Cosine similarity measurement does not distinguish between these two aspects but can be applied to different types of embeddings to measure distinctive semantic relations. In this work, we have chosen three types of embeddings, which perform differently in pure semantic similarity (Hill et al., 2015; Agirre et al., 2009; Rubenstein and Goodenough, 1965) and relatedness (Finkelstein et al., 2001; Bruni et al., 2014) measures. Broadly speaking, wordnet embeddings measure pure similarity relations more accurately, while text embeddings are more sensitive to compute relatedness, and hybrid embeddings have been proven to be more robust for capturing semantic relations in general (Goikoetxea et al., 2016, 2018; García et al., 2020). Results in Section 5.3 illustrate the distribution of cosine measurements for both languages across five different ranges, revealing a clear tendency toward lower values for all types of embeddings.

4.2.4 Creation of word pair matrix

The final step in this work consisted of creating the noun pair dataset out of the feature dictionaries described previously. There are two conditions for noun pairing:

• First, the two nouns composing the pair must figure in the three types of embeddings.

• Second, the two nouns composing the pair must have the same length and share the same cluster in all four linguistic features.

All the nouns that met the first condition were traversed to find all possible pairs of nouns that also share the four linguistic features, as stated in the second condition. Every time a pair was set, featural values in concreteness, frequency, SND, and PND, as well as their cluster identification,¹⁴ were inserted in the dataset, along with the three types of similarity measurements. Altogether, each noun pair is followed by 19 columns which include the three types of similarity measurements, followed by both nouns' four features' cluster numbers and measurements.

5 Results

The present section aims to summarize the main results obtained during the whole dataset creation process, namely, feature dictionaries' sizes, embedding evaluation, similarity values' distribution and size of final similarity datasets.

5.1 Feature dictionaries' sizes

In this section, we show the dictionary sizes for each of the four features described in Section 4.2.1, along with the average value for each feature, in both languages. Table 4 shows the resulting feature dictionaries' size and the mean value for each feature.

Table 4

Table 4. Concreteness (CNC), frequency (FRQ), phonological neighborhood density (PND) and semantic neighborhood density (SND) dictionaries for Basque (EU) and Spanish (ES).

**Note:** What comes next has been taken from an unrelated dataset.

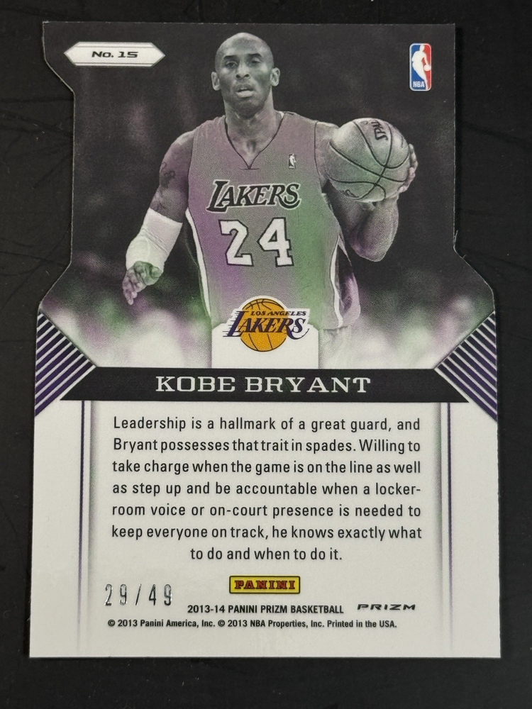 ******************************** 2013-14 Panini Prizm Guard Duty Insert KOBE BRYANT Light Purple Die-Cut 29/49 ๐บ๐ธ ******************************** Please see photos for details. What you see is exactly what you will receive. Many other rare spoprtscards available. Should you have any issues or concerns with the item you purchase please contact us immediately and we will do all we can to address your concern. We have many more cool collectibles such as Trading Cards, Comics, Action Figures, Diecast Models, Model Trains & Accessories, Sports Cards/Memorabilia, Bobbleheads, Hess Trucks, Unique DVDs and more currently listed in our eBay Store. Take advantage of current discounts and promos, and save big on your purchase. You can even save on shipping! We have been selling on eBay for over 20 Years, and we ALWAYS put the customer first. Once you make a purchase, we make sure it goes out safely the next business day. We also respond to all messages and take care of any issues that may arise. Buy from a Pro - We thank you for shopping with us!

Table 4 shows that the Basque feature dictionaries are slightly larger than the ones in Spanish, due to the higher amount of outliers in the Spanish dataset. Both languages exhibit similar average concreteness values, with Basque showing slightly higher variance. Basque nouns have a much higher average word frequency with lower variance, indicating more consistent and higher frequency usage. For semantic SND, Basque nouns show higher average values but also greater variability compared to Spanish. In terms of PND, Basque has a higher average and significantly larger variance, reflecting a broader range of phonological similarities. After conducting the two-sample t-test, it indicates a statistically significant difference in PND between Basque and Spanish, with a t-value of t_{(8, 212)} = 16.68 and p-value of p < 0.001.

Special mention goes for frequency. On average, Basque nouns are more frequent than the Spanish ones.¹⁵ A reasonable explanation for this difference may be the size of the corpora used to calculate word frequencies in each language. The Scrawl corpus is smaller than the one used for computing Spanish Zipf frequencies in the NLTK toolkit, and it has far fewer infrequent words. This may bias the Zipf frequency in favor of a higher average value in Basque.

Table 5 shows the token distribution of all previous dictionaries in KNN-based clusters. Features are clustered in two groups, differentiating between high and low values. The size of the dictionary of phonological neighbors features is far smaller than the rest. This is because nouns with 0 neighbors have been excluded from the KNN classification (14,671 in Basque and 12,085 in Spanish) because they tend to unbalance the cluster distribution, leaving the cluster with high-PND value with almost no content. Therefore, nouns with 0 neighbors have been extracted into a subgroup and treated as a separate cluster when creating the final dataset.

Table 5

Table 5. Concreteness (CNC), frequency (FRQ), phonological neighborhood density (PND) and semantic neighborhood density (SND) high-valued and low-valued cluster data for Basque (EU) and Spanish (ES).

Overall, Table 5 reveals that the cluster distributions for PND and SND features in both languages tend to be more uneven compared to concreteness and frequency. Regarding concreteness, both languages exhibit a similar distribution, predominantly favoring lower values. There is a slight disparity in frequency measurements between Basque and Spanish: Basque shows a higher number of high-valued noun pairs, whereas Spanish exhibits nearly equal amount of pairs in both clusters. In terms of SND and PND distributions, while both languages maintain similar cluster ratios, they show opposite trends: Basque has more high-valued pairs compared to low-valued ones, whereas Spanish demonstrates the opposite pattern. Regarding the mean values and variances observed for each language, Basque shows higher mean values in all features, while Spanish seems more stable in terms of variance.

5.2 Evaluation of the quality of the embeddings in similarity task

As mentioned in Section 4.2.3, in order to verify the quality of the three types of embeddings, we tested them in a word similarity task, including pure similarity and also relatedness datasets. In Spanish, we operated with the pure similarity datasets RG65 (RG) (Camacho Collados et al., 2015) and SimLex999 (SL) (Etcheverry and Wonsever, 2016), and the relatedness dataset Wordsim353 (WS) (Hassan and Mihalcea, 2009). In the case of Basque, we used the pure similarity RG dataset and the relatedness dataset WS created by Goikoetxea et al. (2018).

In both Spanish and Basque, FT_txt, FT_kb and FT_hyb representations were compared with the baseline, using publicly available text-based representations fastText.¹⁶ All of our embeddings were computed using the same set of parameters as those described on the website from which the baseline fastText embeddings were obtained.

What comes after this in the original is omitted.